Aimed at performing and recording orchestral works from historically underrepresented composers, the concert is an expansion of a Minnesota Orchestra recording project that began in 2021
Conducted by Kensho Watanabe, hosted by Dr. Louise Toppin and featuring bass-baritone soloist Christopher Humbert Jr., the October 7 concert features six works new to the Orchestra
MINNEAPOLIS, MINNESOTA (September 27, 2022) — The Minnesota Orchestra will debut a new concert initiative—the Listening Project—on Friday, October 7, focused on performing and recording orchestral works by historically underrepresented composers. Led by guest conductor Kensho Watanabe and hosted by Dr. Louise Toppin, the performance will feature six works by Black composers that have never been played by the Minnesota Orchestra, with the aim of introducing musicians and audiences to a trove of rarely heard music and creating recordings to help promote these compositions across the orchestral field.
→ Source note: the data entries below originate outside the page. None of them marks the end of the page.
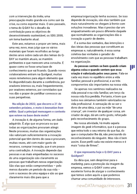 o tema do Q-DAY foi o desafio da soluções inovadoras. Mas é preciso dar um
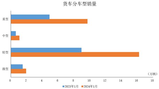2024年1月,貨車產(chǎn)銷分別完成29.2萬輛和28.9萬輛,環(huán)比分別下降6.4%和6.6%,同比分別增長65.9%和81.8%。在貨車細分品種中,與上月相比,重型貨車和中型貨車產(chǎn)銷明顯增長,輕型貨車和微型貨車產(chǎn)銷呈兩位數(shù)下降;與上年同期相比,四大類貨車品種產(chǎn)銷均呈不同程度增長。
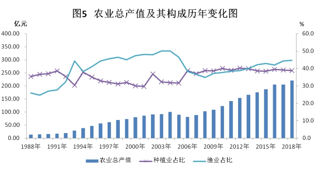 农业结构持续改善。全市农林牧渔业总产值由1952年的1.40亿元增加到2018年的219.87亿元,年均增长5.3%。在农业总产值中,种植业总产值和渔业总产值占比均有所上升,种植业总产值占比由1988年的35.5%上升至2018年的38.8%,渔业总产值占比由26.0%上升至44.6%,占比接近一半。目前,全市建成了优质水稻、优质茶叶、优质水果、蔬菜等集约化、规模化“三高”农业产品基地,形成了农工贸、产供销一体化的格局。2018年,创建了海丰蔬菜、陆丰萝卜2个省级农业产业园,新增省重点农业龙头企业4家、省级农业标准化示范区6个、省级名牌农产品2个、农民专业合作组织1648家,复耕撂荒土地7.67万亩,食用农产品快检考核跃升至全省第3名。
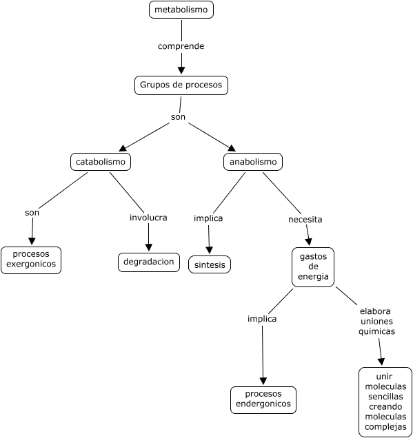Este Cmap, tiene información relacionada con: Sin Título 1, metabolismo comprende Grupos de procesos, anabolismo necesita gastos de energia, anabolismo implica sintesis, Grupos de procesos son anabolismo, catabolismo involucra degradacion, catabolismo son procesos exergonicos, gastos de energia elabora uniones quimicas unir moleculas sencillas creando moleculas complejas, Grupos de procesos son catabolismo, gastos de energia implica procesos endergonicos
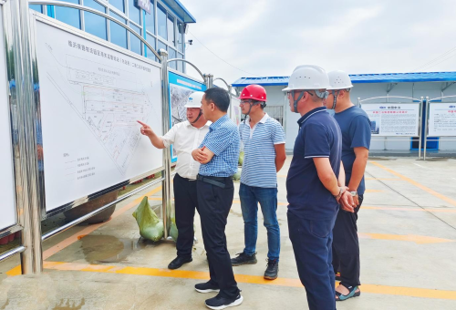 聶世濤一行首先深入項目施工現場,對工程進度、產值完成及項目推進過程中存在困難進行重點調研,分別查看了施工總體布置平面圖與項目管理規劃圖。在聽取了項目經理就項目主要節點工期目標、項目進度情況的匯報后,聶世濤對項目當前安全管理、工程進度等方面的工作給予充分肯定。他指出,要把安全生產擺在重要位置,繃緊弦、不松勁,在確保安全質量的前提下,重點關注現場文明施工,施工現場要建立文明施工責任制,劃分區域,明確管理負責人,實行掛牌制,做到現場清潔整齊,著重做好現場的場容管理工作,全力加快推進項目施工建設進度。
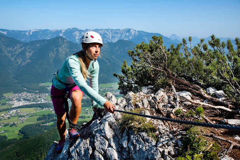 Von der Bergstation der Beschilderung zum Klettersteig folgend nach Osten in Kürze hinab zur Katrinalm. Im Sattel links einschwenken und auf dem grünen Pistenband abwärts, dabei bald unter der Seilbahn durch. Nach einem Rechtsbogen (Blick ins Höllengebirge und auf Bad Ischl) weiter hinab zur Abzweigung zum Klettersteig, 1.360 m. Links ab mit roter Markierung auf einem waagrechten Steig, zunächst durch Latschen, dann im Wald.
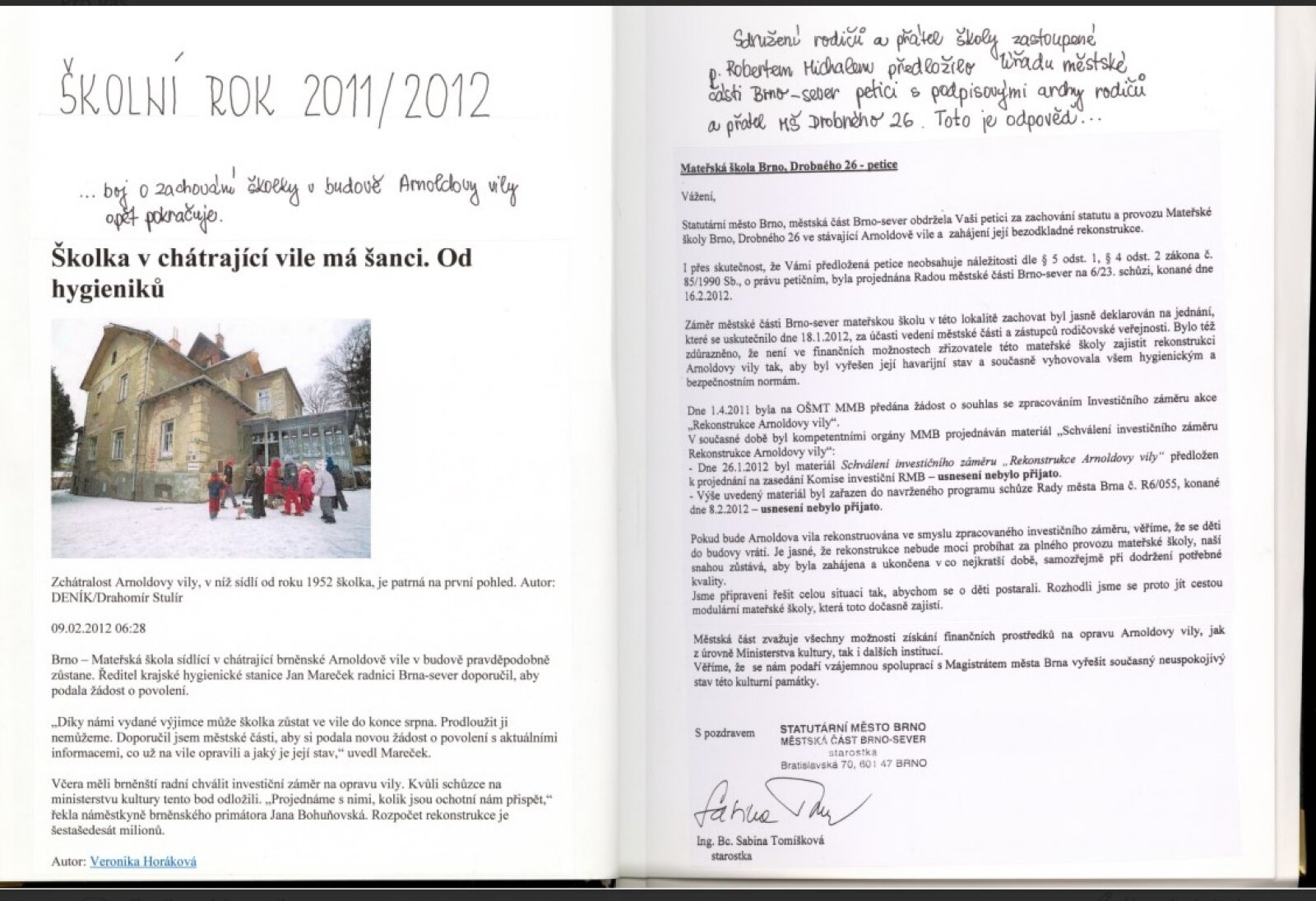 Rodiče se zorganizovali v rámci Sdružení rodičů a přátel školy, vedli i vlastní webové a Facebookové stránky. Jejich sdružení se účastnilo jednání s městskou částí Brno-sever a magistrátem. Mimo jiné organizovali petiční akce (celkem jich bylo pět!) za zachování školky a opravu vily, a zejména v letech 2010 a 2012 byl případ i masivně medializován. Unikátním rysem této iniciativy bylo zapojení rodičů-expertů (architektů, statiků, stavařů), kteří se postavili proti statickému posudku zadanému městem konstatujícímu havarijní stav a nechali na své náklady vypracovat revizní posudek odborníky z VUT. Ten zpochybnil městem deklarovaný katastrofický scénář. Dále tedy na vlastní náklady vypracovali projekt na modernizaci sociálního zařízení, aby vyhovělo hygienickým normám. Byli ochotni úpravy sociálek zčásti financovat z vlastních darů, i je realizovat svépomocí. Nicméně, tyto nabídky nebyly vyslyšeny, a navzdory politickým slibům o výstavbě náhradní modulární školky nad vilou, a proklamovanému zájmu o záchranu památky, byla mateřská škola v létě 2012 definitivně vystěhována.
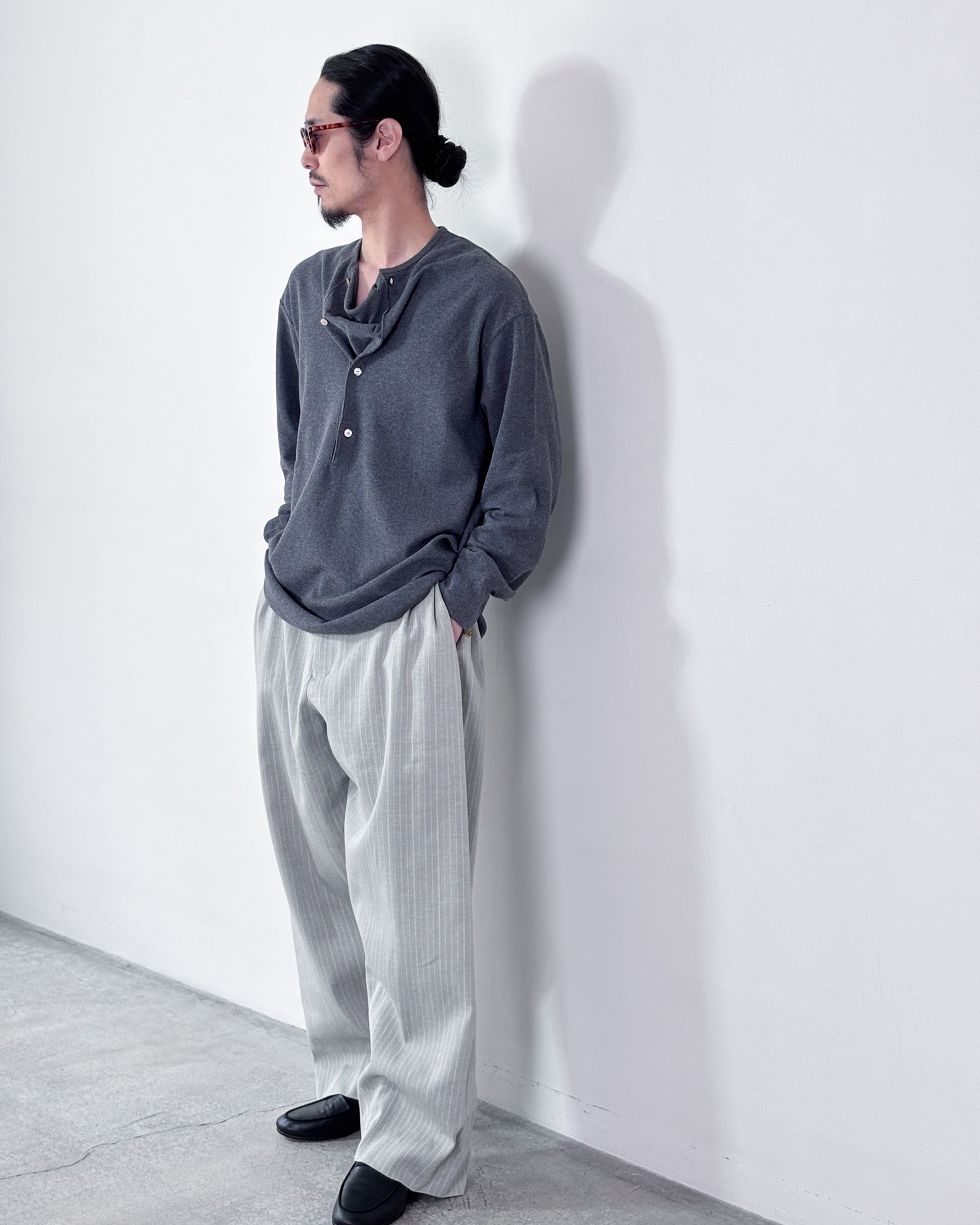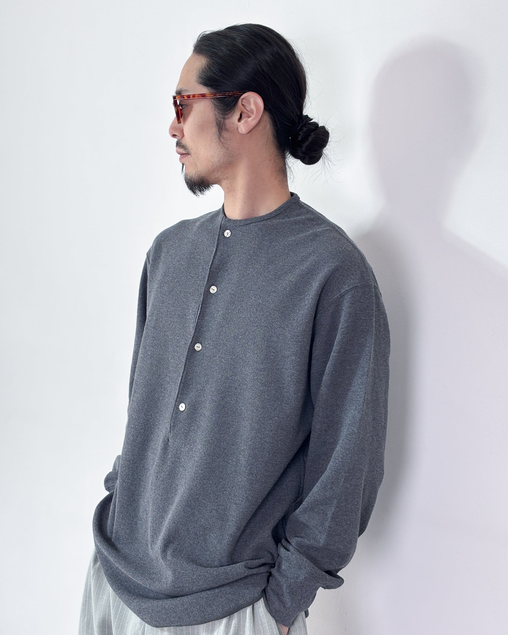 【4月18日(土)12:00販売開始】SOSHIOTSUKI / DRAPED PLACKET THERMAL TEE (CHARCOAL GREY)
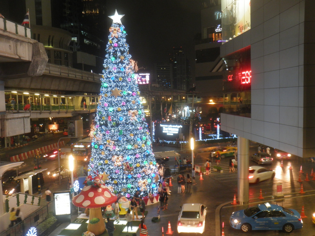 12月にバンコクを訪れると、あちらこちらでクリスマスと新年のデコレーションをみかけます。 BTSアソーク駅や地下鉄駅のあるターミナル21には、大きなクリスマスツリーのイルミネーションが飾られていました。 入り口から入ると、セキュリティゲートがあり制服を着たガードマンが敬礼をしてくれました。

The evening opens with Samuel Coleridge-Taylor’s Idyll followed by Jamaican-born composer Eleanor Alberga’s recent work The Soul’s Expression and Hale Smith’s jazz-inspired Contours. The concert’s second half begins with Adolphus Hailstork’s Lachrymosa: 1919 and continues with Spirituals, a collection of five popular African American spirituals arranged by Margaret Bonds, one of the first Black composers to gain wide recognition in the United States. The program concludes with Colonial Dance, a composition by Florence Price—who in 1933 became the first African American woman to have her music played by a major symphony orchestra. Bass-baritone Christopher Humbert Jr. will perform as soloist in both Alberga’s The Soul’s Expression and Bonds’ Spirituals.